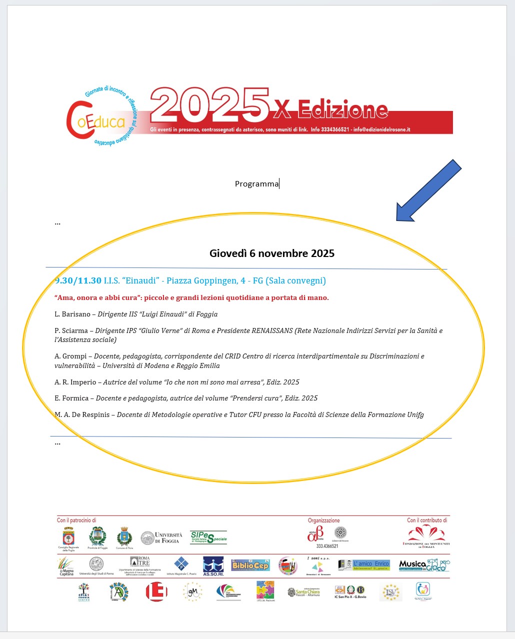 L’Einaudi anche quest’anno protagonista nella decima edizione di “CoEduca 2025″, il programma di seminari e incontri con giornate di riflessione sul quotidiano educativo, che si svolgerà nella città di Foggia a partire dal 5 novembre. Organizzato dalle Edizioni del Rosone di Foggia, con il patrocinio del Consiglio Regionale della Puglia, della Provincia di Foggia, dell’Università di Foggia e dalla SIPES (Società Italiana di Pedagogia Speciale), l’evento vuole essere uno spazio di condivisione, un’opportunità di dialogo e di crescita individuale e collettiva, per una Pedagogia di comunità che apra nuovi orizzonti per il nostro territorio e le nuove generazioni.
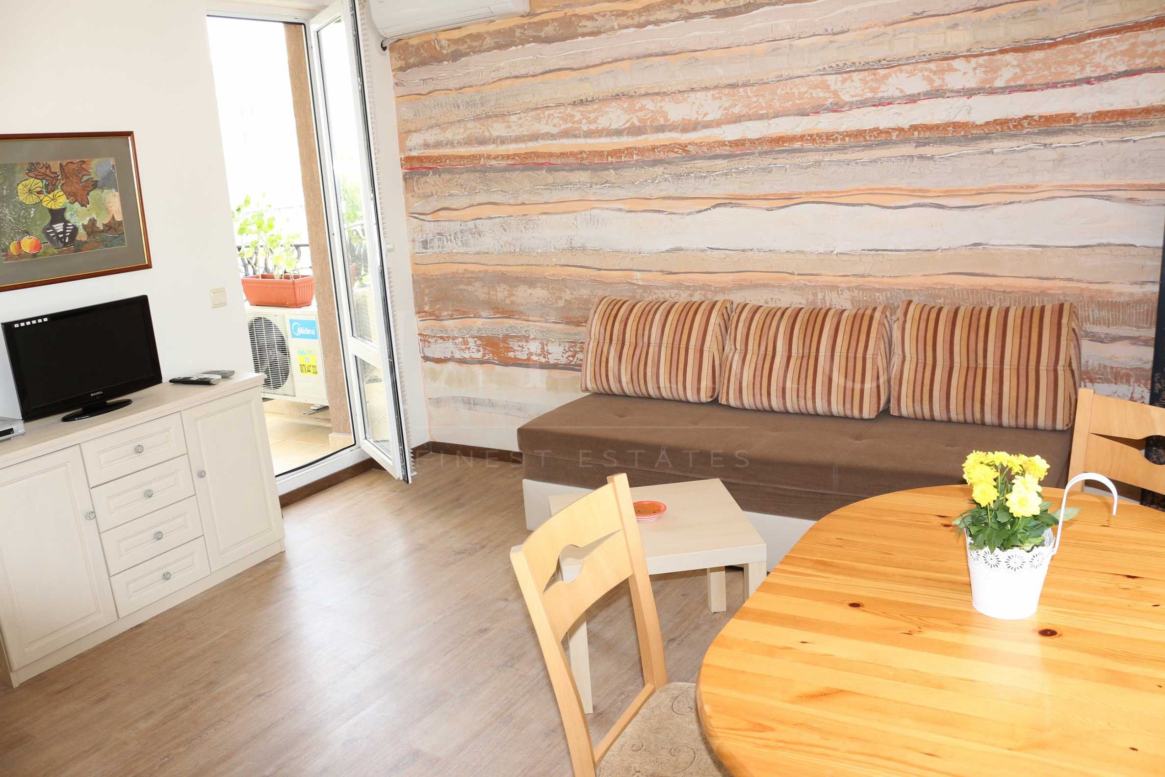 - Стилно обзаведен апартамент с уютна спалня и голяма всекидневна с оборудвана кухня;
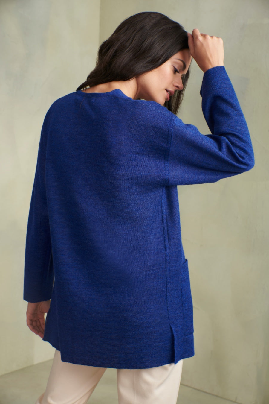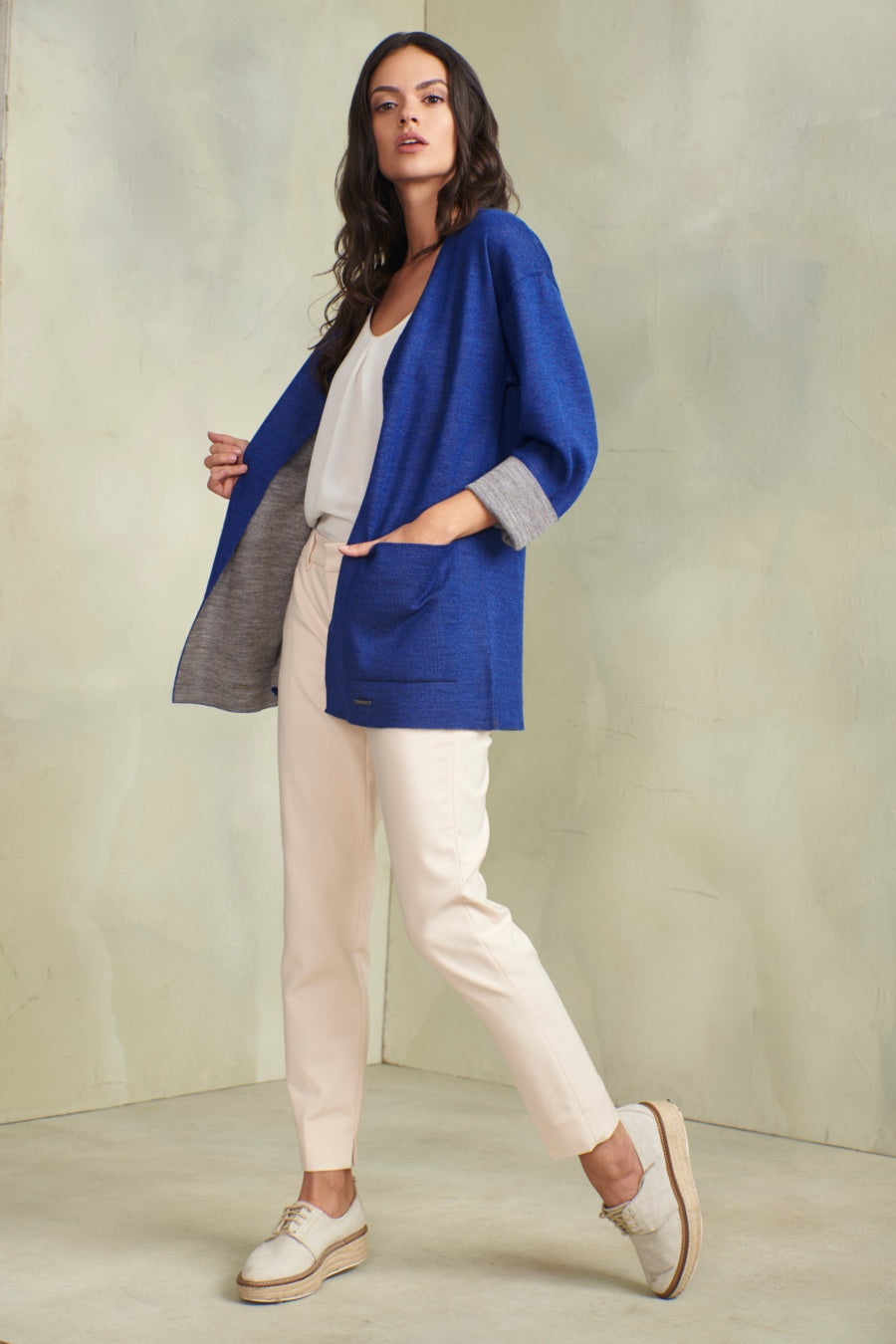 Enhance your style with this elegant and sober double-sided cardigan. Versatile long-sleeved piece with wide pockets, made of noble baby alpaca fibers and silk.
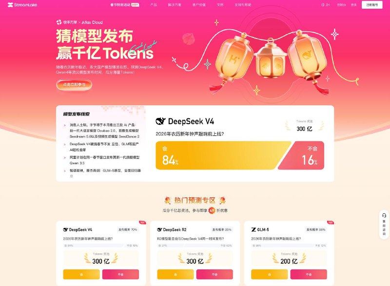 🖼 猜模型发布,赢千亿 Tokens StreamLake(快手旗下的云服务品牌)发起的春节特别营销活动 以“预测国产大模型发布时间”为互动玩法,参与者可按规则获得 Tok…

» YOUR OBJECTIVE
What this calls for is the material above set down exactly, pictures excluded.

» WRITTEN SOLUTION
 L’Einaudi anche quest’anno protagonista nella decima edizione di “CoEduca 2025″, il programma di seminari e incontri con giornate di riflessione sul quotidiano educativo, che si svolgerà nella città di Foggia a partire dal 5 novembre. Organizzato dalle Edizioni del Rosone di Foggia, con il patrocinio del Consiglio Regionale della Puglia, della Provincia di Foggia, dell’Università di Foggia e dalla SIPES (Società Italiana di Pedagogia Speciale), l’evento vuole essere uno spazio di condivisione, un’opportunità di dialogo e di crescita individuale e collettiva, per una Pedagogia di comunità che apra nuovi orizzonti per il nostro territorio e le nuove generazioni.
 - Стилно обзаведен апартамент с уютна спалня и голяма всекидневна с оборудвана кухня;
 Enhance your style with this elegant and sober double-sided cardigan. Versatile long-sleeved piece with wide pockets, made of noble baby alpaca fibers and silk.
 🖼 猜模型发布,赢千亿 Tokens StreamLake(快手旗下的云服务品牌)发起的春节特别营销活动 以“预测国产大模型发布时间”为互动玩法,参与者可按规则获得 Tok…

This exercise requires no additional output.